No documento Rodrigo Reis Ribeiro Bastos (páginas 56-61)

Capítulo II – Fundamentos teóricos

3- Ontologia

Adoto um modelo racional em que percebo o mundo de forma razoavelmente organizada. Em meu modelo divido a percepção do mundo em: ser e conhecer. O ser, por sua vez é dividido em ser em sentido estrito ou ontologia e dever ser ou deontologia. Por fim há o conhecer, ou a epistemologia, que fornece os instrumentos técnicos para a sistematização, compreensão do modelo de mundo e onde estão os elementos do conceito de conhecimento.

Para que não paire qualquer dúvida e para que esse texto possa ser avaliado é importante frisar que minha concepção ontológica do mundo, os dogmas finais do meu modelo de mundo, são absolutamente relativos. Para isso faça algum sentido temos que trazer a luz aos conceitos de absoluto e relativo101.

As afirmações cujo fundamento é absoluto são caracterizadas pelo seguinte: universalidade, necessidade, eternidade, autoevidência e sacralidade.

De outro lado, as afirmações cujo o fundamento é relativo são caracterizadas pela contingência, temporalidade, necessidade de justificação e ausência do sagrado (fundamento profano).

A universalidade diz respeito a validade do fundamento para todos os seres humanos independentemente de sua individualidade, considerada em quaisquer aspectos tais como: sexo, idade, grau de instrução, cultura, geografia e etc...

Uma vez que o indivíduo afirma que seu fundamento é universal a consequência natural é que sua necessidade se imponha.
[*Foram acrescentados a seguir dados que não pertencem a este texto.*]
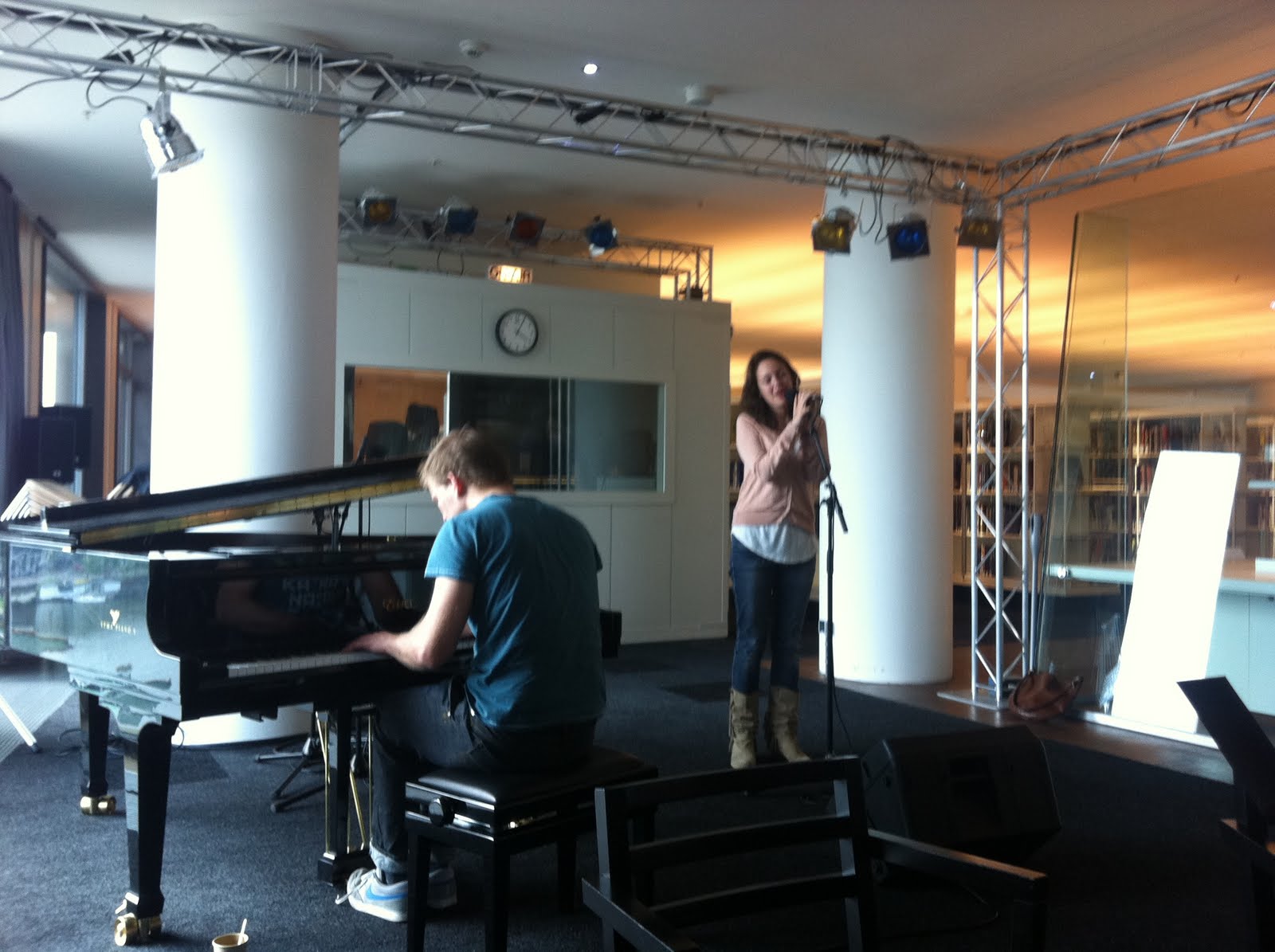 Zondag is de release van hun debuutalbum: ‘Crossing the Rubicon’. FinnSilver is booming als Hollandse Nieuwe in de 3voor12luisterpaal, ze krijgen positieve recensies op alle muzikale websites, zoals ongekend talent en lastfm en mogen meedoen aan de voorrondes van de popronde. Kortom er gebeurt van alles in het leven van deze Amsterdamse band met een internationaal geluid en tintje. Zangeres Fridolijn van Poll en pianist Daan Herweg zijn hier op de vierde verdieping van de OBA.

O que é universalmente válido deve ser observado e imposto de forma cogente a todos os seres humanos.

Como decorrência da universalidade e da necessidade os fundamentos absolutos são percebidos como eternos, isto é, fora do tempo. São válidos em qualquer dimensão de espaço e tempo.

56 Na medida em que são universais, necessários e eternos, os dogmas absolutos independem de justificação já que podem e devem ser percebidos e conhecidos de forma “natural” por toda humanidade.

Por fim os dogmas fundamentados no absoluto são sagrados e qualquer sacrifício (próprio ou de preferência alheio) deve ser suportado para sua manutenção e/ou imposição.

A fundamentação pela via absoluta padece de dois problemas, um prático e outro lógico, que são insuperáveis: o problema lógico é a distinção e impossibilidade de dedução entre um ser e um dever102. O problema prático advém da contradição imposta pelas características intrínsecas dos fundamentos absolutos.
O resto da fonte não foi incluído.